There's a difference in tone but, from the tweaked title sequence onwards, 'Dinosaurs' also has its own individual visual style. Where 'Asylum' was (wonderfully) cold and dark, this episode is flashy and bold.
After a whistle-stop tour of the universe - during which he scoops up Egyptian royal Queen Nefertiti (Riann Steele), blustering big-game hunter John Riddell (Rupert Graves), his faithful companions the Ponds and, accidentally, Rory's dad Brian (Mark Williams) - the Doctor (Matt Smith) arrives on a space ark that's under threat from a missile attack and contains... yes, dinosaurs. And plenty of them.
The Doctor is terribly proud of his new "gang", but unfortunately it becomes clear fairly quickly that 'Dinosaurs' is rather over-stuffed. With so many characters to handle, Chibnall's script underuses both Riddell and - at least until the episode's final act - the bold Nefertiti. The guest characters' limited screen time means they're rather one-dimensional - thankfully the spirited performances of Graves and Steele do help breathe a little life into them.
A supporting character who does get a good showing here is Mark Williams's Brian Williams (or 'Brian Pond', if you like) - an exasperated but actually rather capable TARDIS traveller. Fast Show comic Williams has a natural chemistry with Arthur Darvill - combine that with the pair's passing physical similarity and you have no problem buying their father-son relationship.

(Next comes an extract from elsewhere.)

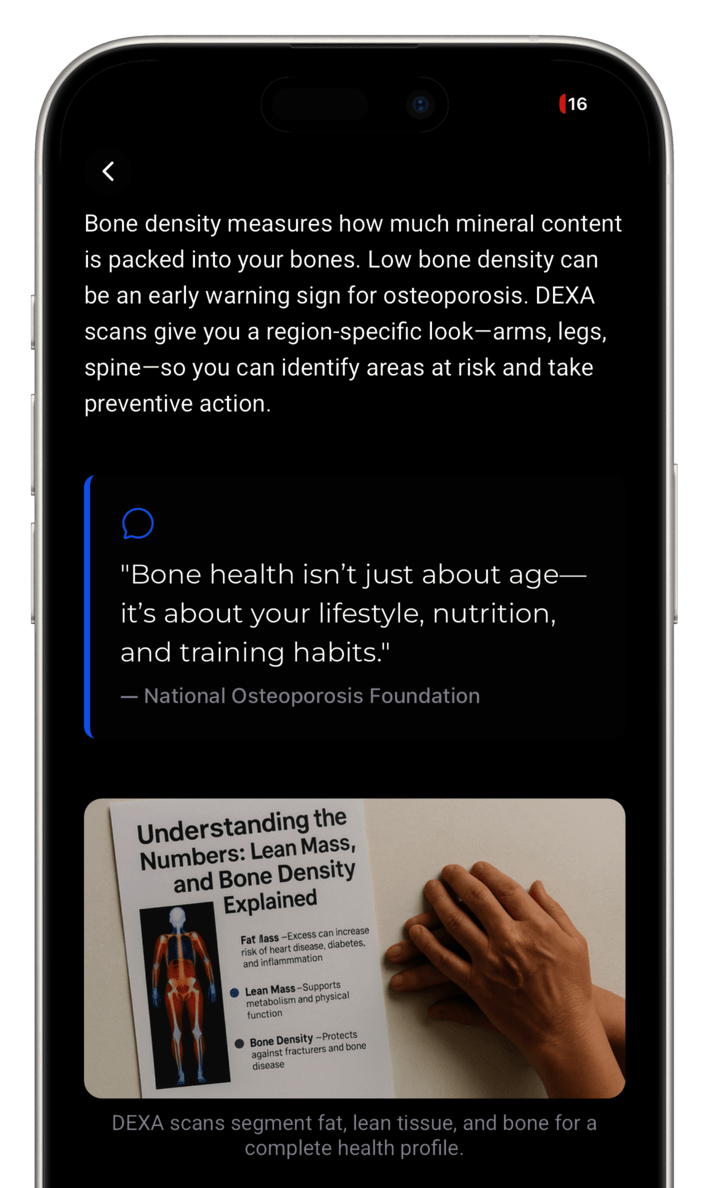 The Body Insight app breaks down every metric — what it means, why it matters, and how you can improve it - so you never get lost in the numbers.

Rory and Brian argue and banter but there are also touching moments of genuine concern between the two. We're glad that Williams is set to return in Chibnall's second Who contribution this year, 'The Power of Three' - he delivers cracking lines like "What sort of a man doesn't carry a trowel?" with aplomb.

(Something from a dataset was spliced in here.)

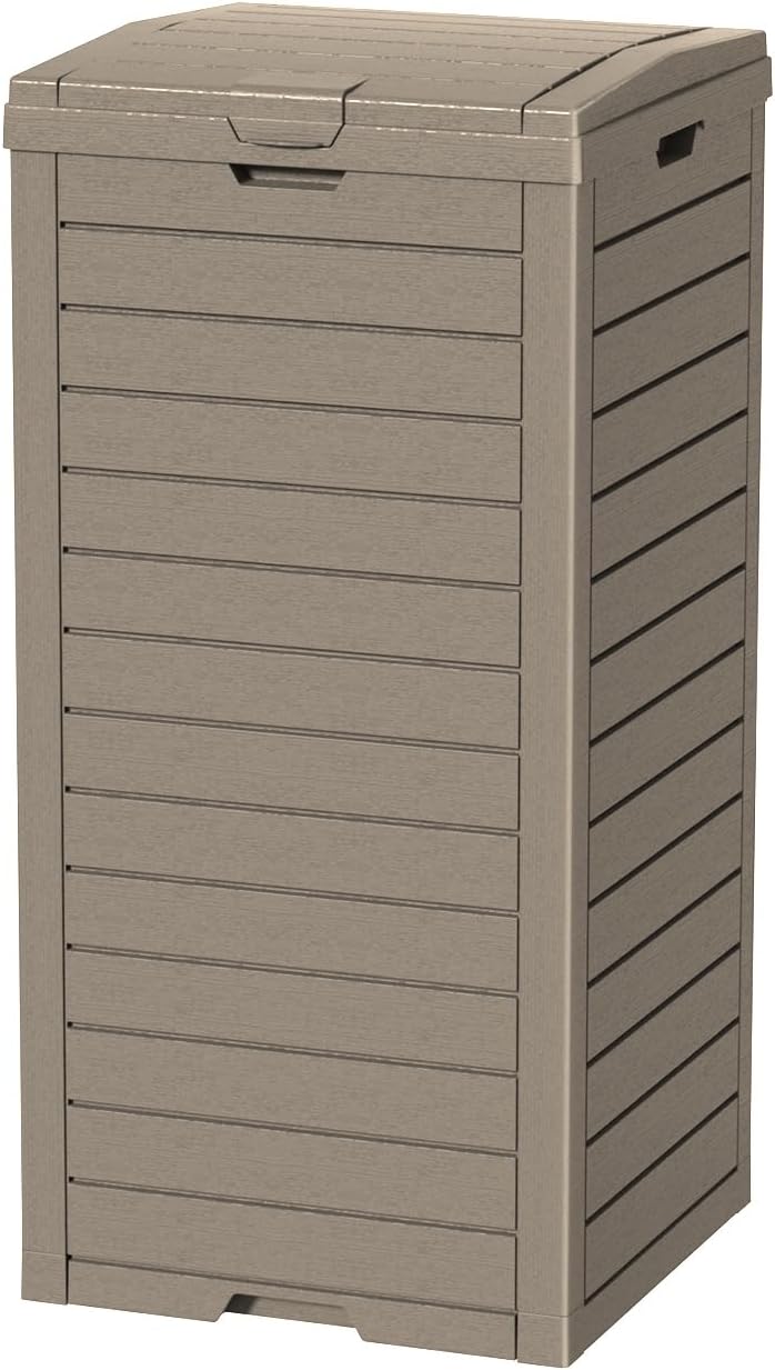 - Durable and Waterproof Material: Made from durable, recyclable resin, this outdoor trashcan is waterproof and fade-resistant. The sturdy panels are resistant to bending, warping, or breaking, providing excellent weather resistance to withstand various weather conditions.

Moving on to our regulars - Matt Smith gets a chance to enjoy the more playful side of our favourite Time Lord following last week's rather dark opening, provoking a grin with even the most arbitrary of lines: "Not really had a gang before - it's new!"
Karen Gillan also gets a little light relief this week as Amy is given her own pair of companions and is able to 'play Doctor' - her fun interaction with Nefertiti is a highlight of the episode.

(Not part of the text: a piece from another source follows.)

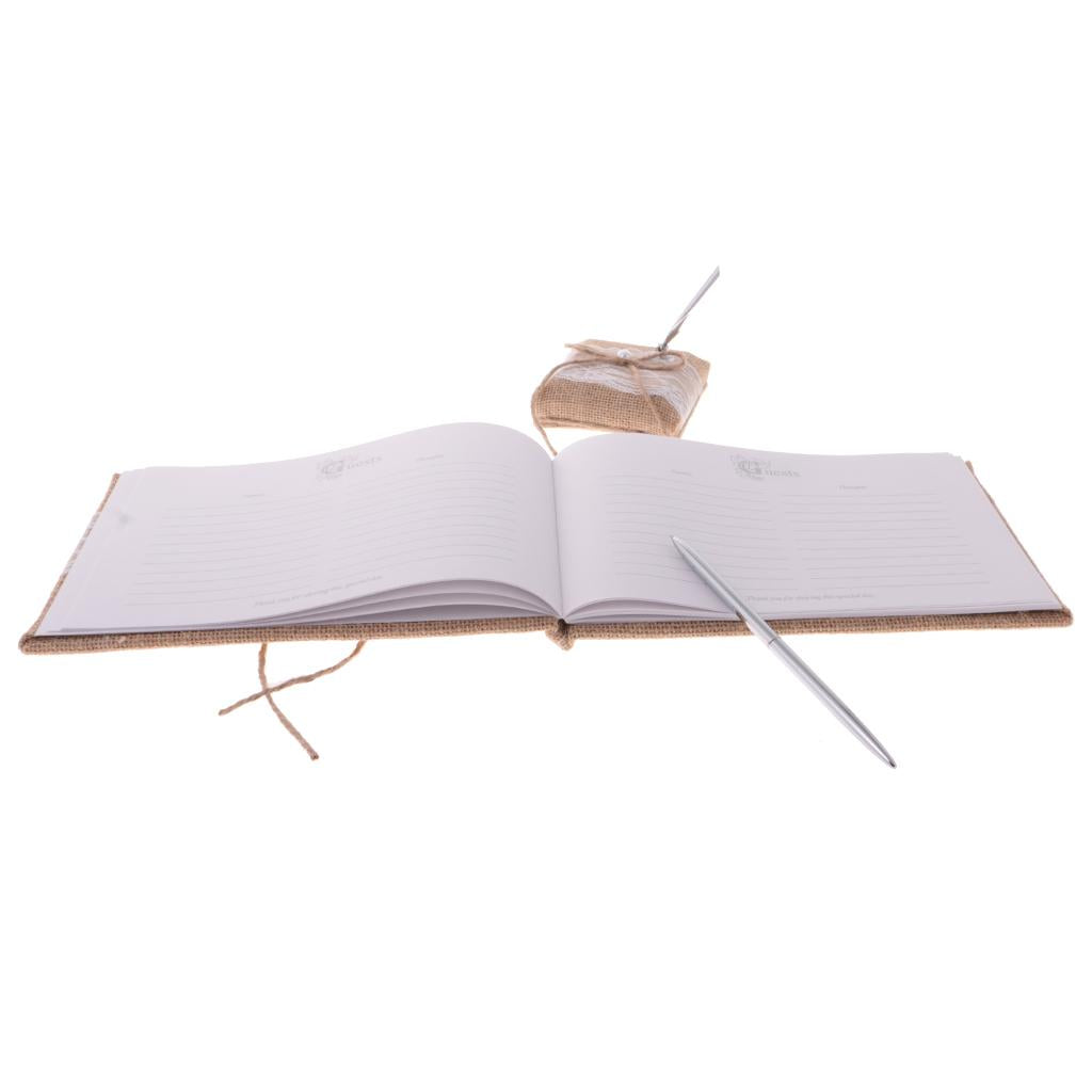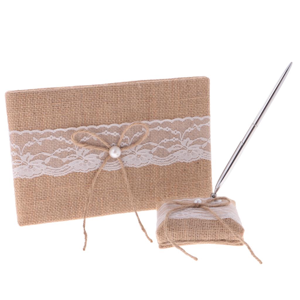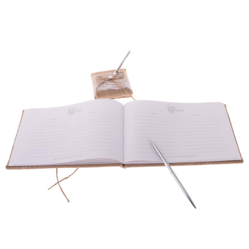 Vintage country style chic hessian lace bowknot guestbook will preserve history forever.

And Arthur Darvill's not short-changed either - in addition to Rory's relationship with his dad, we also get to see his "awesome nursing skills in action" and the relationship between the Doc and Rory - often neglected in favour of more Doctor/Amy scenes - gets a fine outing here. Their kiss/slap-fest at the 30-minute mark is a hoot.
There's still room for a little drama amongst all the dinosaur-based tomfoolery though - Amy's fear that she and Rory have been replaced by Riddell and Nefertiti is telling and her later conversation with the Doctor about their changing relationship is another of the episode's best moments, hinting at dark events to come...
Also bringing some necessary gravitas to the proceedings is David Bradley as ruthless and deeply unsavoury space pirate Solomon, with Matt Smith playing their scenes together a shade darker to match.
It's just a shame that Solomon's accompanied by a pair of camp robots who sound an awful lot like Peep Show's Mark and Jez - possibly a step too far into silliness.
Still, the scenes in which the Doctor and Solomon face off are terribly engaging, though the episode's resolution - in which our hero leaves his nemesis to die - may be a step too far. The Time Lord's actions seem uncharacteristically dark and at odds with the tone of the rest of the episode.
Our final thoughts - we wouldn't want Doctor Who to be like this every week, but the whole point of this latest series is that each episode has its own distinct style. As a one-off, 'Dinosaurs on a Spaceship' is a fun, jolly romp that moves at lightning pace, albeit a rather uneven one.